_Required action_
Copy, word for word, the lines below from the one containing "- then go inside" up to and including the one containing "Breathable. Stretchable. Quick-dry.", with pictures left out.
--- Data extract ---
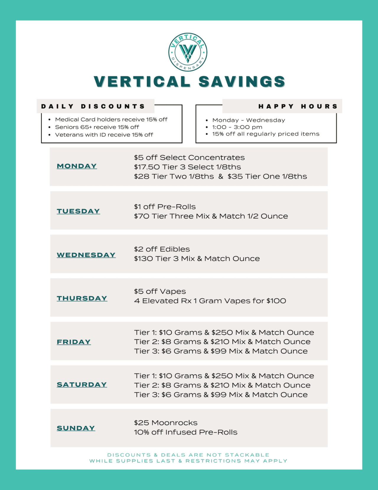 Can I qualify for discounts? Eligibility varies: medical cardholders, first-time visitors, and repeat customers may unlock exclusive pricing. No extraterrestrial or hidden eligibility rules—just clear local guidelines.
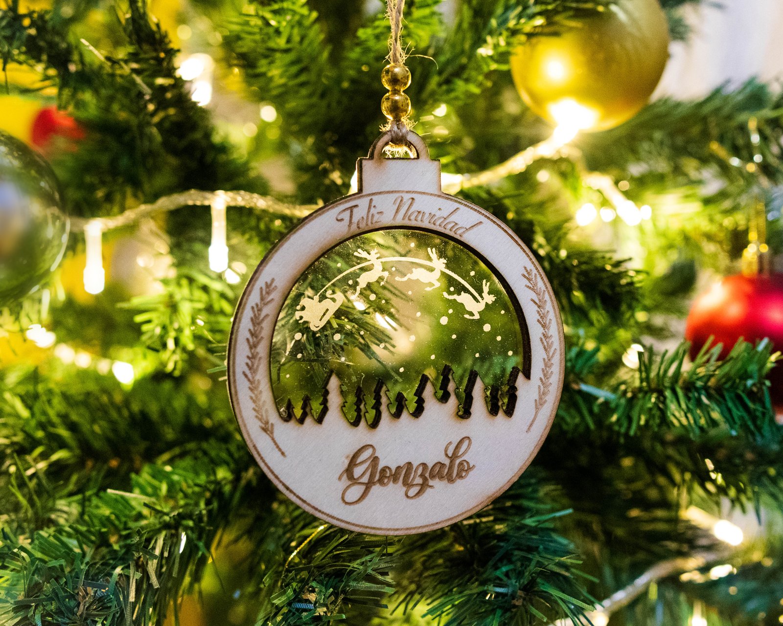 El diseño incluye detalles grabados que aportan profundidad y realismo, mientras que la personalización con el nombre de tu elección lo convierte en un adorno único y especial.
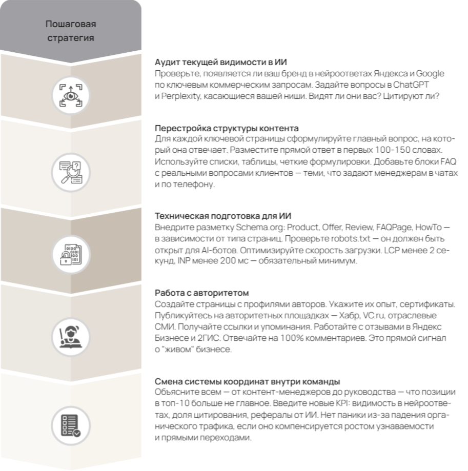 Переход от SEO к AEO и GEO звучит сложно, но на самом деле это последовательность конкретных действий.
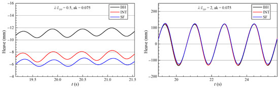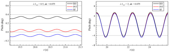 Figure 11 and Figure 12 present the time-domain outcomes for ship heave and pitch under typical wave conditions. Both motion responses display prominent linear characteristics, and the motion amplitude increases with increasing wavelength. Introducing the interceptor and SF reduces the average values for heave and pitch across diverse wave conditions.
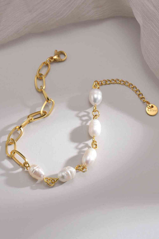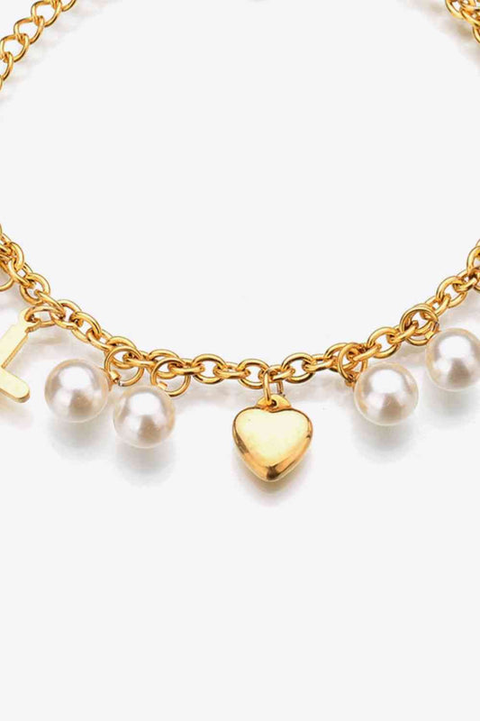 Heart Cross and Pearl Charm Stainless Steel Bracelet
---
--- Data extract ---
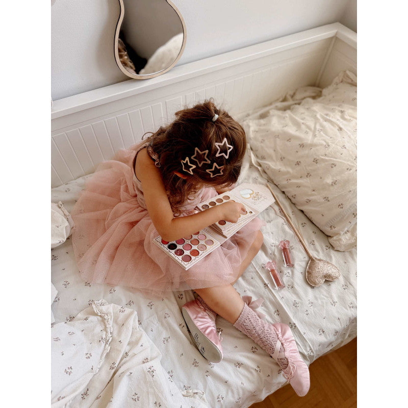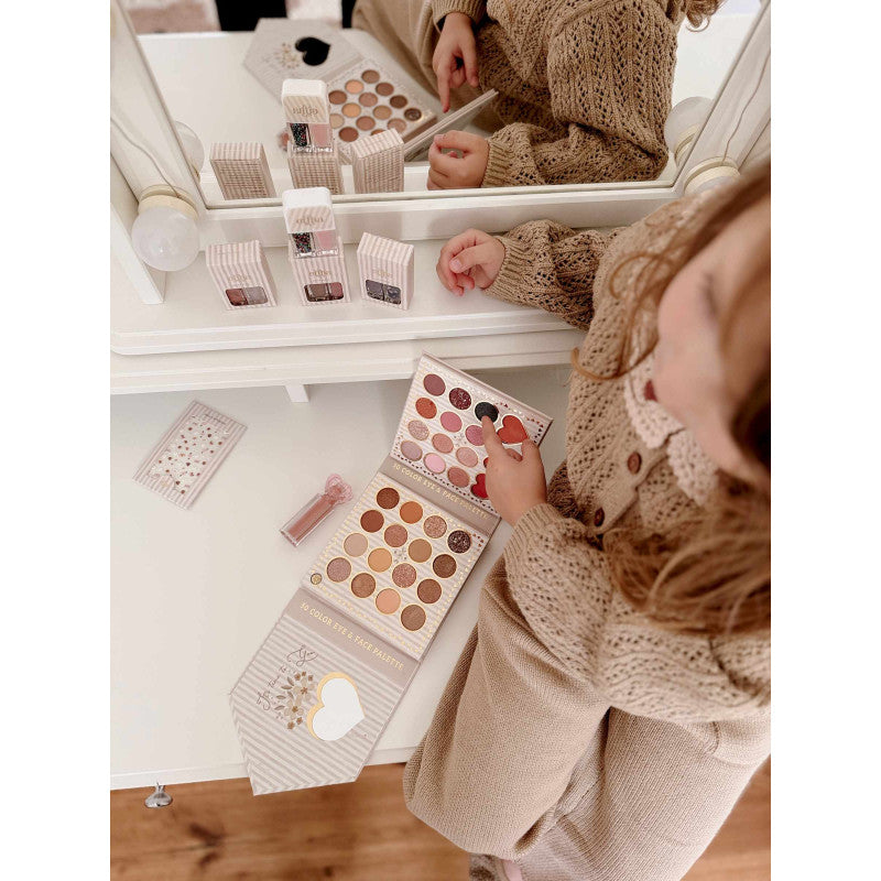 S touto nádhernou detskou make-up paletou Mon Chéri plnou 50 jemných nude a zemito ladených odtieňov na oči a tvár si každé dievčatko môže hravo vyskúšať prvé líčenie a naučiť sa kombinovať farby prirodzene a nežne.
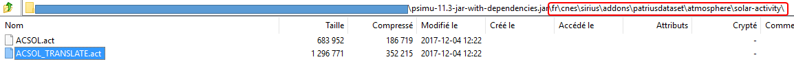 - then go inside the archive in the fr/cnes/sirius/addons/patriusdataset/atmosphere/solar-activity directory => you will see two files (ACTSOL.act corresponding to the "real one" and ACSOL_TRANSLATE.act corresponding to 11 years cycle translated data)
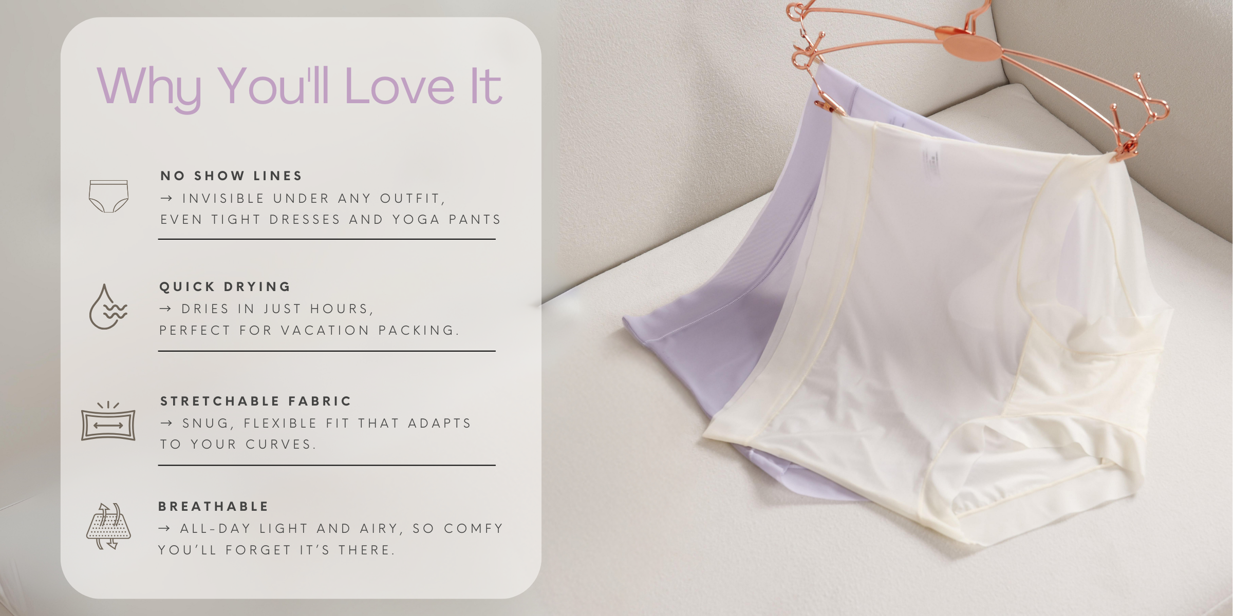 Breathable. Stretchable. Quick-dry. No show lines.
---
_Answer area_
 - then go inside the archive in the fr/cnes/sirius/addons/patriusdataset/atmosphere/solar-activity directory => you will see two files (ACTSOL.act corresponding to the "real one" and ACSOL_TRANSLATE.act corresponding to 11 years cycle translated data)
 Breathable. Stretchable. Quick-dry. No show lines.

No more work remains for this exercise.